5. Fighting the Net war
[5.1] Between the increasing relevance of the foreign market to Japanese companies (Onouchi 2007) and the continuing decline of overall DVD sales in the United States (Paul Bond, "DVD spells digital video decline," Hollywood Reporter, December 21, 2006), both Japanese and American companies involved in the industry have moved beyond ignorance or indifference to the sheer amount of unauthorized, perhaps outright illegal, distribution of anime that goes on daily. Especially over the past 2 years, the impact of this type of unauthorized content distribution has been cited as a significant contributing factor in the stagnation and decline of the market for Japanese animation in the United States (Calvin Reid, "News report finds manga sales up; anime DVD down in '07," Publishers Weekly, December 7, 2007, http://www.publishersweekly.com/pw/by-topic/new-titles/adult-announcements/article/4776-new-report-finds-c2-a0manga-sales-up-anime-dvd-down-in-07-c2-a0-.html). Companies' reactions to this have varied. In general, the specific methods that are being used to counteract the fan sub networks actually hold lessons for the network/Net war theory in general, especially given what Arquilla and Ronfeldt argue is the difficulty of successfully disrupting networks without the overwhelming use of force. Methods in use range from relatively unsophisticated, heavy-handed approaches that raise their own issues to those that are significantly more nuanced and cognizant of the unique relationship between the producers and consumers of a cult entertainment. Some embrace technological solutions, whereas others take a more strategic view and aim to take away the reasons for these networks' existence.
[5.2] The heavy-handed methods are perhaps the easiest to identify and explain. A frequent practice of American anime companies is to issue cease-and-desist letters to fan subbing groups that are working on series to which the company in question has acquired the distribution rights (Borland 2005).

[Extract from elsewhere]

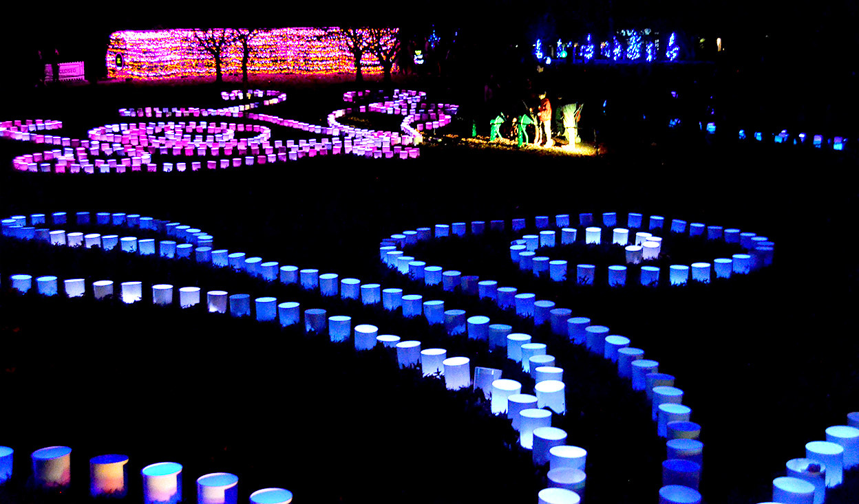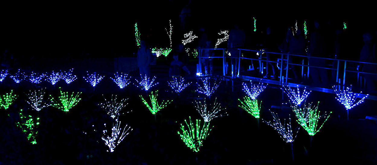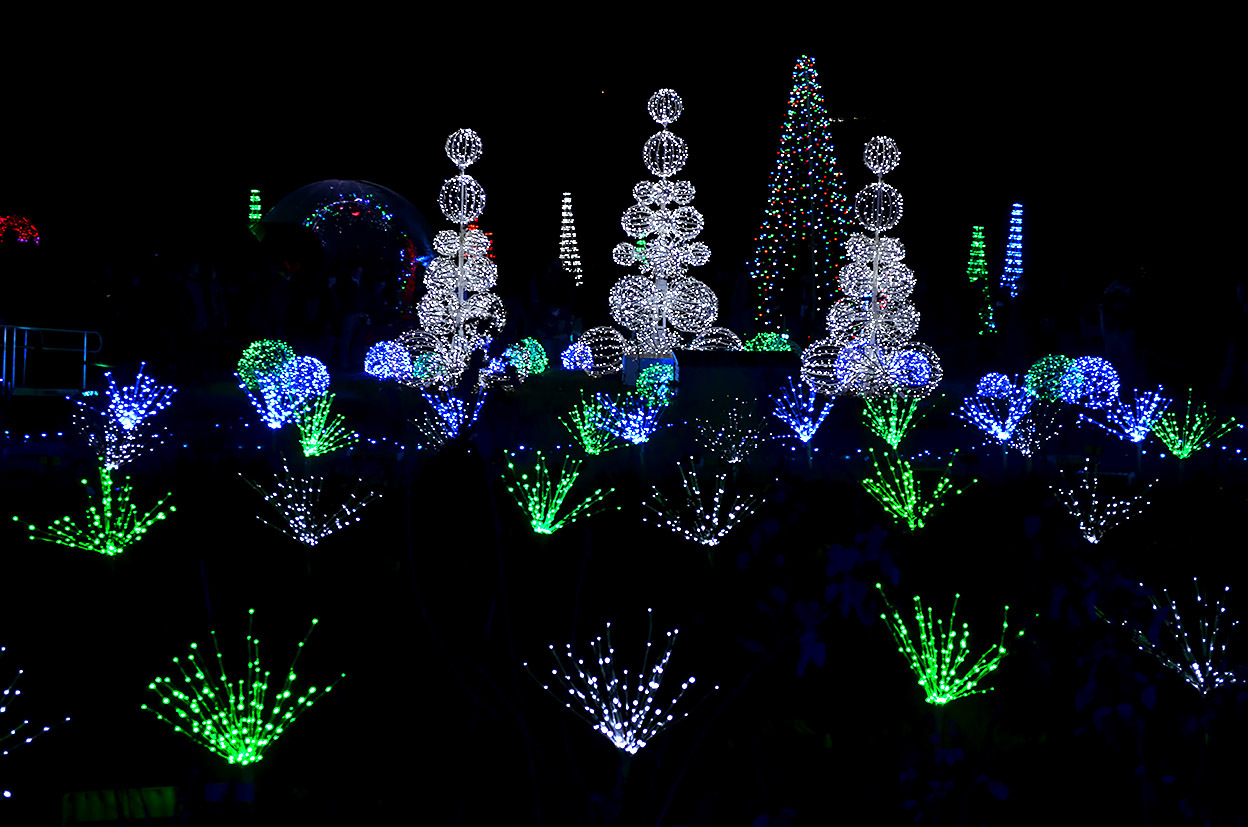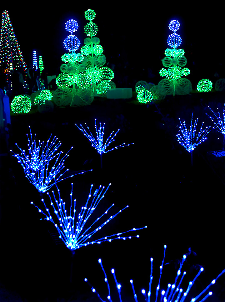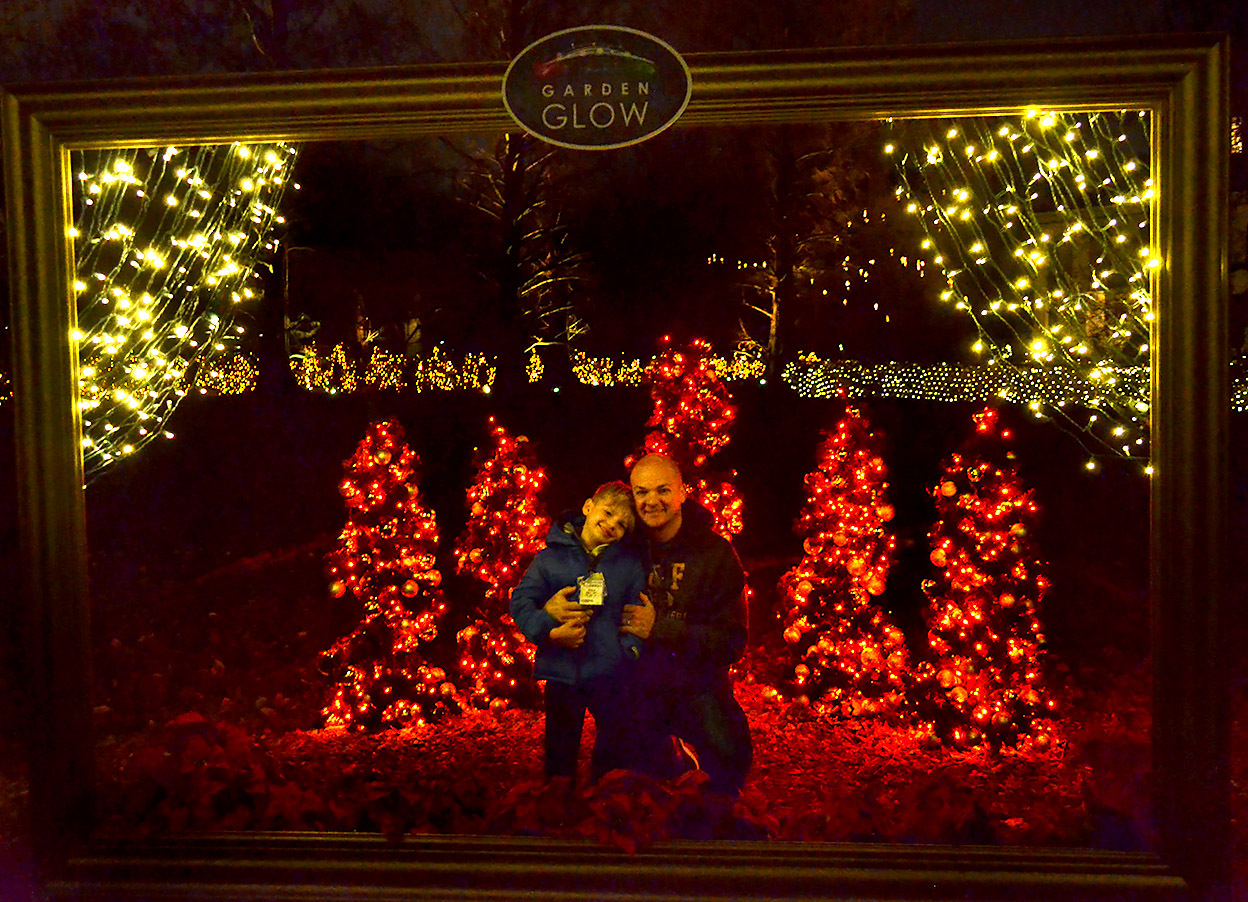 When Son Adam and Grandson Elliot visited St. Louis, it was convenient for us to see the Missouri Botanical Garden Glow because Brother Mark and his wife, Robin, live on Flora Place, right at the edge of the park. It was only about a two-block walk to get to the entrance of the Glow, which promised a million lights.

This attacks the major nodes of the all-channel network but does not directly affect other nodes or individuals. Furthermore, a key symptom of the Internet in general and of Web 2.0 specifically is that once information is released, it will exist essentially in perpetuity. Especially in a peer-to-peer environment, once created, a file will continue to be available for distribution as long as at least one person makes it available. An approach that attempted to correct for this by targeting not the originators but the end users (similar to how the music industry has approached illegal downloaders) was recently undertaken by the Singapore-based anime licensing company Odex (Victoria Ho, "Odex softens on illegal downloads," ZDNet Asia, September 17, 2007, http://www.zdnetasia.com/odex-softens-on-illegal-downloaders-62032298.htm). The company used technologies that allowed it to identify individual downloaders, then threatened them with court action. Perhaps predictably, the result has been public resistance, including criticism of the company's own business practices. Some efforts undertaken by Japanese companies have been similar: as discussed earlier, there is an aversion in Japan to litigation, but to protect both rights and potential markets, Japanese anime companies have been leveraging their existing relationships with American distributors to have similar letters issued. Ultimately, this kind of law-based approach is the one Hatcher (2005) recommends, although he does acknowledge that the youth of this industry and its relative lack of sophistication makes legal action unlikely.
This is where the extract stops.